By Katharine C. Otto
February 1, 2017
On January 25, The Wall Street Journal ran a front page article claiming “Trump Revives Pipeline Projects.” The article states that President Trump gave a thumbs up to the Keystone XL and Dakota Access pipelines, both stalled by former President Obama.
The WSJ is all for this, as noted in its editorial “No More Keystone Capers” the same day, which asserted the Keystone XL and Dakota Access pipelines are good for “the economy.”
The WSJ says those in the industry are divided about whether the pipelines are needed. Some say they are not needed yet. Other sources indicate energy use is declining worldwide, there is a glut of oil, and prices are down.
The WSJ’s slant is well known. It supports Wall Street, assuming that what’s good for big business is good for the country. It glosses over the long term costs of large-scale industrialization, manufacturing and exporting of natural resources. The cost effectiveness of pipelines (and other large projects that benefit big business at the expense of residents) rides on the use of “eminent domain,” the government’s self-proclaimed right to confiscate private land for public purposes.
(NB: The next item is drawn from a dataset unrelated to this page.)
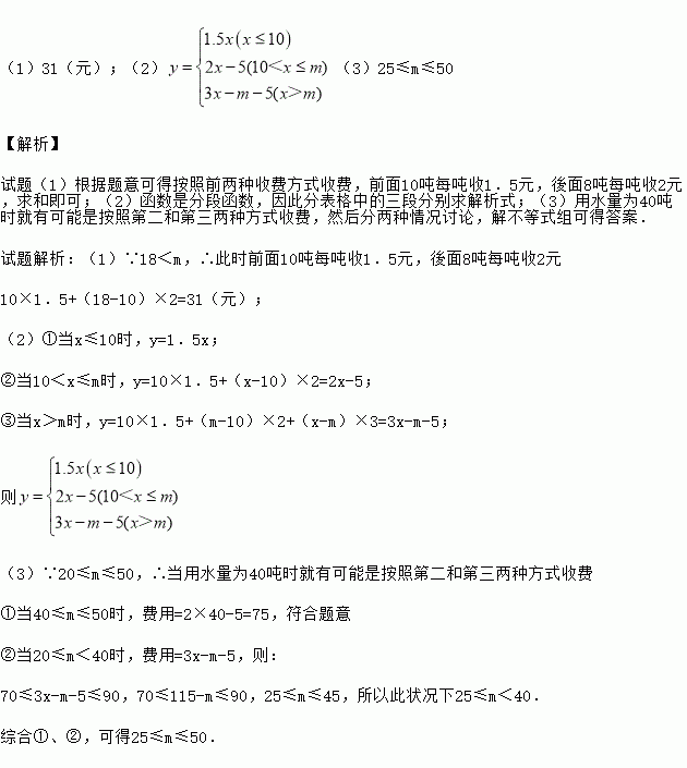 (3)若该用户六月份用水量为40吨,缴纳水费y元的取值范围为70≤y≤90,试求m的取值范围.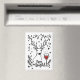 Ein lustiges und fröhliches Weihnachtskonzept zeigt eine Kontur eines Hirsches, umgeben von Schneeflocken und Farnbranchen. Neben den Zweigen sitzt ein Glas Rotwein. Der handgeschriebene Text lautet: "Tipsy und hell." Dieses Design wird auf einer Vielzahl von Produkten präsentiert und ist somit ein perfektes Geschenk für Weinliebhaber.

The Dakota Access pipeline is at the hub of the Standing Rock Sioux’s protest against the US government. The Sioux claim the pipeline, slated to run under the Missouri River, endangers sacred ancestral and hunting grounds, as well as their drinking water supply (and that of others downstream). Their resistance has drawn support from other Native American tribes, numerous environmental, other land-friendly and taxpayer-friendly groups. The group is staking out its territory through the winter, justifiably worried that bulldozers will move in as soon as protesters look the other way.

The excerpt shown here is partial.